[vox-tech] Utility to image a hard drive
Alex Mandel
tech_dev at wildintellect.com
Thu Apr 9 15:34:59 PDT 2009
Richard Mancusi wrote:
> On Thu, Apr 9, 2009 at 16:51, Rick Moen <rick at linuxmafia.com> wrote:
>> Quoting Alex Mandel (tech_dev at wildintellect.com):
>>
>>> There's also a text based tool called backup ninja which writes the
>>> rsync scripts for you and several rysnc gui's to help teach you the
>>> syntax which can be tricky, grsync.
>> I have to admit, I really don't get this -- but, on the other hand,
>> haven't tried 'em.
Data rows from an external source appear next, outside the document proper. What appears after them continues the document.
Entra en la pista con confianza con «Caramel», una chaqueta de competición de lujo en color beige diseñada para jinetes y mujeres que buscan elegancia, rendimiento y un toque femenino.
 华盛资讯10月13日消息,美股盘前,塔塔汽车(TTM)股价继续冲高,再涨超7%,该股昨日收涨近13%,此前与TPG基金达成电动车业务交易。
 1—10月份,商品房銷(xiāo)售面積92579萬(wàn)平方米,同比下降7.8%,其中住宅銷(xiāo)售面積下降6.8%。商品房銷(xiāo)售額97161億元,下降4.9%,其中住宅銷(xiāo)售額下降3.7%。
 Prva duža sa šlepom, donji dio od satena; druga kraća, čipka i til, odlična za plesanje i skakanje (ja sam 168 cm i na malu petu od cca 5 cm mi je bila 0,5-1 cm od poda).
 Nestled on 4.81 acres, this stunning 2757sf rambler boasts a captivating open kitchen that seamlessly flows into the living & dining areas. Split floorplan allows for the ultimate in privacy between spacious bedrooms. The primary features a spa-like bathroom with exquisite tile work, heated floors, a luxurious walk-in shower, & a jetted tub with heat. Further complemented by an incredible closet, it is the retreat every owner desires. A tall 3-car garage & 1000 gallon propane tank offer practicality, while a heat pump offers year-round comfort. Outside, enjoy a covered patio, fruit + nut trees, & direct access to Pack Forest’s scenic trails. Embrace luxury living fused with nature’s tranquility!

Plain old rsync always struck me as blessedly simple.
>> "rsync -avz olddirectory newdirectory" Just Plain Works -- and
>> generalises to
>> "rsync -avz olddirectory username at newhost:newdirectory" for network
>> copying (esp. if you set RSYNC_RSH=/usr/bin/ssh).
>>
>> There are options you use rarely, such as:
>>
>> --delete #Update destination dirs to remove files no longer needed
>> --exclude=PATTERN
>> --exclude-from=FILE
>> ...but I need those only rarely, and look 'em up when I do.
>
> I am with Rick - however I do use some options. Looked at grsync and
> decided a quick script fit my needs better. I want to backup from one
> computer to another each night. If I have a hardware problem, simply
> grab the other computer. Actually I do it to 3 computers. Following
> is a rough outline of what I do. Yes I understand some of it is redundant
> and the log is for the most part an unnecessary habit.
>
> ------
> #!/bin/bash
> DATE=`date`
> echo $DATE BackUp Started: T61 192.168.9.48 to T61p 192.168.9.49 >>
> rsync_to_T61p.log
> rsync -e ssh -raPH -v >> rsync_to_T61p.log --delete (lots of stuff here)
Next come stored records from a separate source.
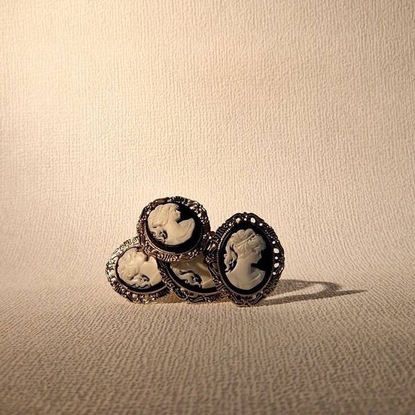Set van 4 servetringen met 'camee'. Gemaakt van staal en siliconen. (Onbreekbaar gelukkig!) In prima staat.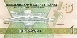Since 2017 the TürkmenÄlem 52°E appears on the reverse of the banknote of 1 Turkmen manat.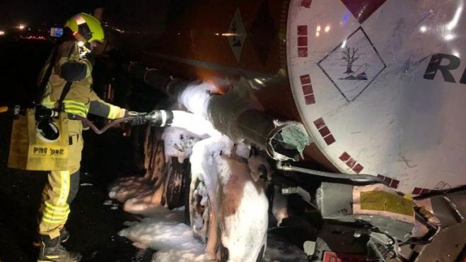 El Sepeis ha agregado que, pese a los daños sufridos en la estructura por el camión cisterna, no ha habido derrame de líquido, sin embargo, ha sido necesario cortar la autovía hasta que se ha podido desplazar el tráiler a una zona segura.
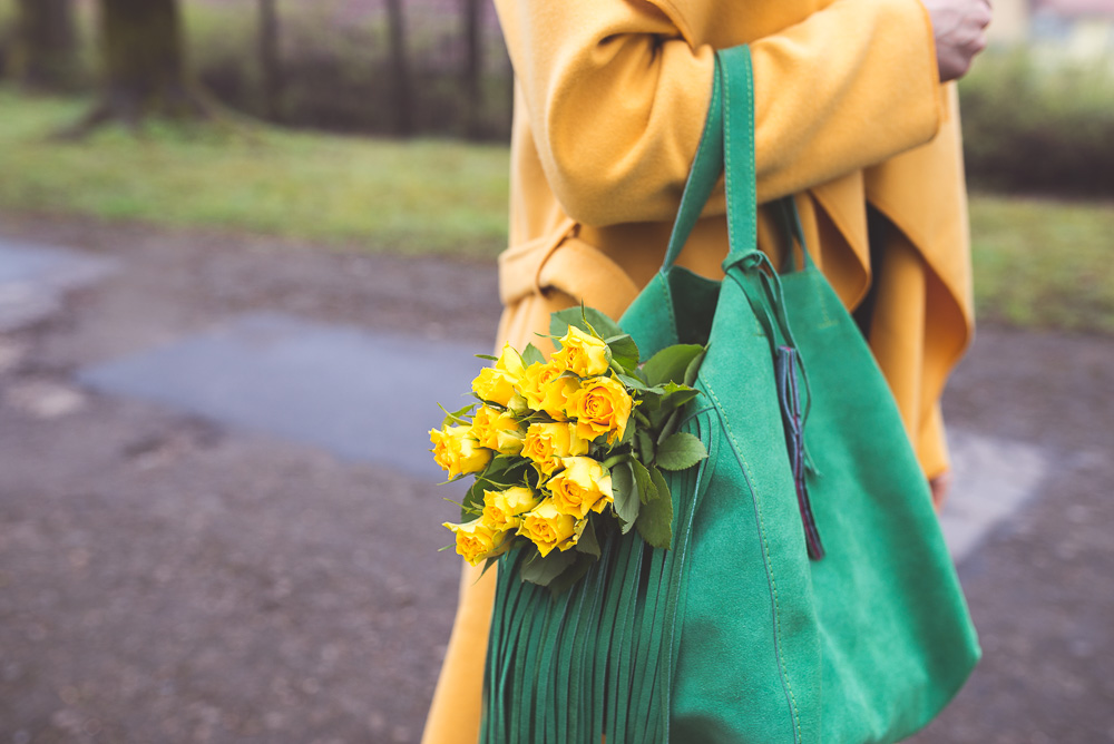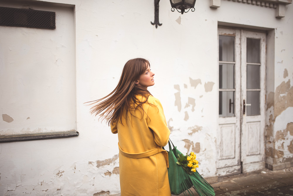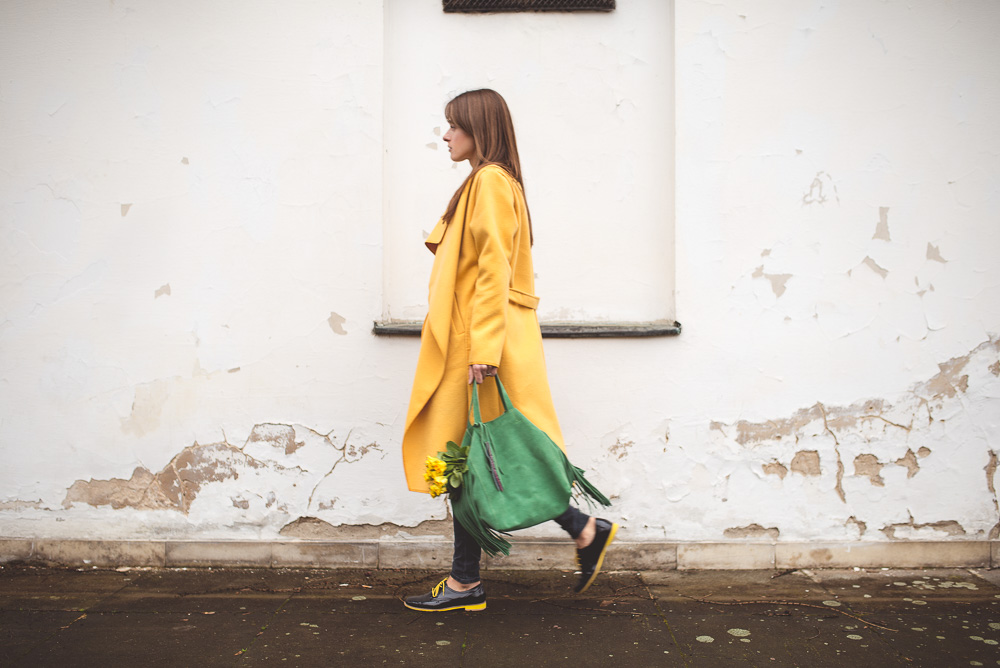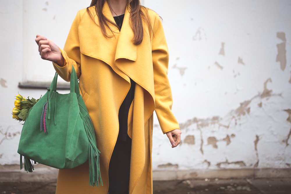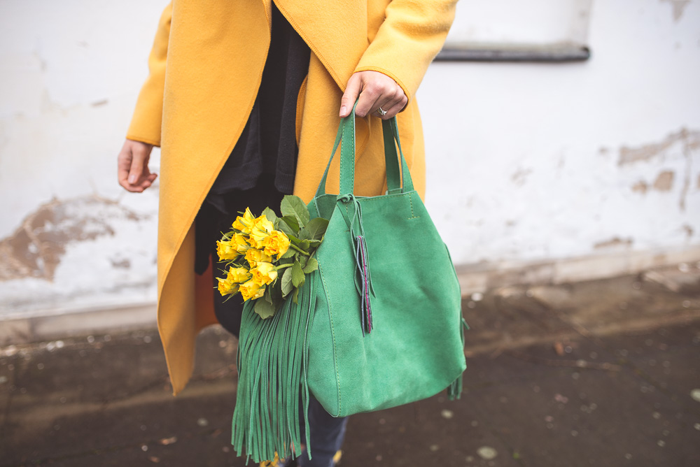 Zielona torebka od Zuzi Górskiej kazała mi na siebie długo czekać, ale warto było, bo z żółtym płaszczem tworzą mój ulubiony wiosenny zestaw, który najchętniej nosiłabym codziennie.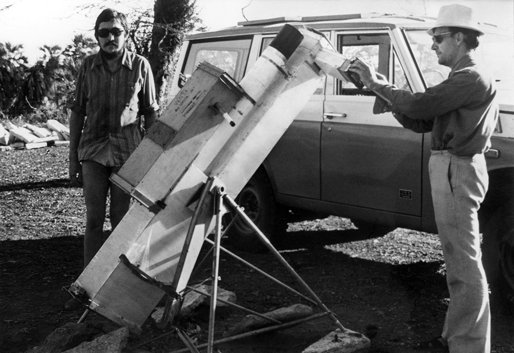 L'avant des instruments repose sur deux roulements à billes se déplaçant sur une tige en acier galbée de sorte que le mouvement de l'ensemble épouse la trajectoire du Soleil le jour de l'éclipse. La prise de vues, à l'aide de cette installation sophistiquée, a permis de réaliser 50% du programme initialement prévu.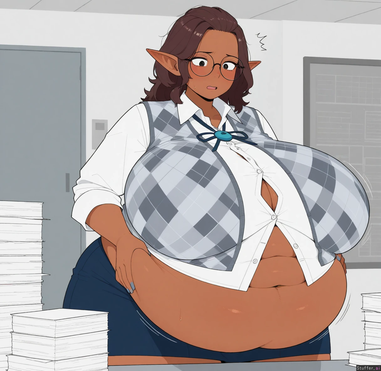 uhd, high resolution, flawless, best_quality, (hdr), (long eyelashes, makeup:1.2) (flat_color, lineless:1.4), perfect anatomy, beautiful face, beautiful eyes, Tweedabop(artist), (ohasi_art), (betterwithsalt), w-oo-t(artist), perfect hands ((Solo)), ((mature)) Elf, ((dark brown skin)), pulled back hair, brown hair, red hair highlights, frizzy hair, mousey hair, blue nails, navy blue skirt, circular glasses, lab assistant, argyle vest, Science lab, stacks of paper Shy, nervous, surprised, ((uncomfortable)), yelling for help Shirt untucked ((Button gap)) (((Weight gain))) (((Belly expansion))) ((Huge belly)) ((((Obese)))) (((Breast expansion))) (Gigantic breasts) ((Underboob))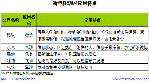 新型移動IM(米聊、微信等)建立在手機通訊錄的基礎上,較以往移動QQ、飛信等具有更強的用戶粘性,并且克服了傳統(tǒng)移動IM需要反復登錄、只能發(fā)送文字、圖片等缺點。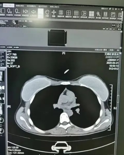 比如,被举报的患者中,72岁的“杨某某”、62岁的“邱某某”的病历中,有根据所拍片子的情况作出的诊断,却找不到对应的影像。6月份又查到了她们的CT影像,按照系统记录,她俩都是2023年4月做的胸部CT,片子上能清晰看出两位患者的吊坠形状、大小和位置都基本一致。不仅这两位上了年纪的患者,CT影像类似,朱成刚比对发现,2021年在他们科做过CT的25岁女性叶某的片子上,也有看起来极为相似的吊坠,肉眼看,她们三人的片子几乎一模一样。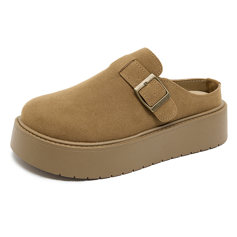 Cowhide Birkenneth 신발 여성용 두꺼운 바닥 발가락 하프 슬리퍼 외부 착용 2025 새로운 슬립 온 게으른 싱글 레이어 신발스토어 가기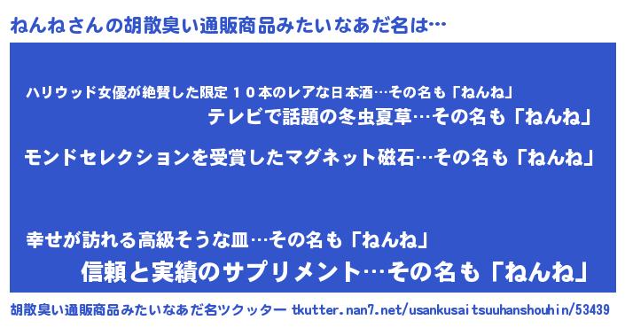 | ヘコむあだ名 | 『ねん太郎』『牛乳』『ねんふぇ~』 |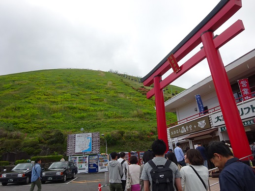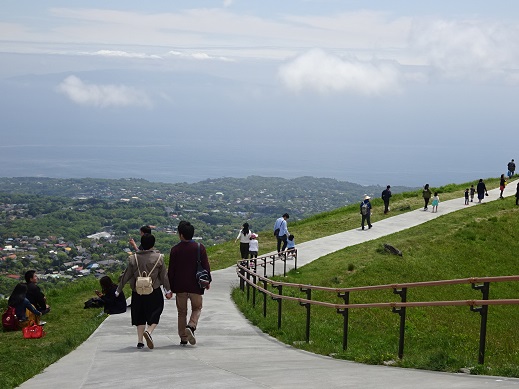 山の上は遊歩道が整備されていて一周20分ぐらいで歩くことが出来ます。アップダウンがあまりないので高齢者も多く見かけました。GW中に行ったのでリフトに乗るまでに長い行列が出来ていて、40分ほど待たされましたが、それでも登る価値はあると思います。リフト乗り場横で売っているわさびアイスもお試しください。

> (more stuff, and eventually)
> echo $DATE BackUp Finished: T61 192.168.9.48 to T61p 192.168.9.49 >>
> rsync_to_T61p.log
> echo >> rsync_to_T61p.log
> echo >> rsync_to_T61p.log
> ------
>
> -rich
I condsider grsync a tool to learn rsync with. I took me days to get the
trailing slashes just the right way on a command to actually put the
files in the way I wanted. And the simulate command does wonders when I
want to test a change on a potentially large dataset, 60GB of photos,
where I want to make sure I'm only sending the changes over the network
to save time, bandwidth and disc writes.
Don't get me wrong rsync is the tool for this type of stuff(In fact it's
the underlying tool for all the apps I've mentioned) I'm merely
suggesting ways to make it easier for someone who doesn't just know
command line innately and has a hard time making sense of the man pages.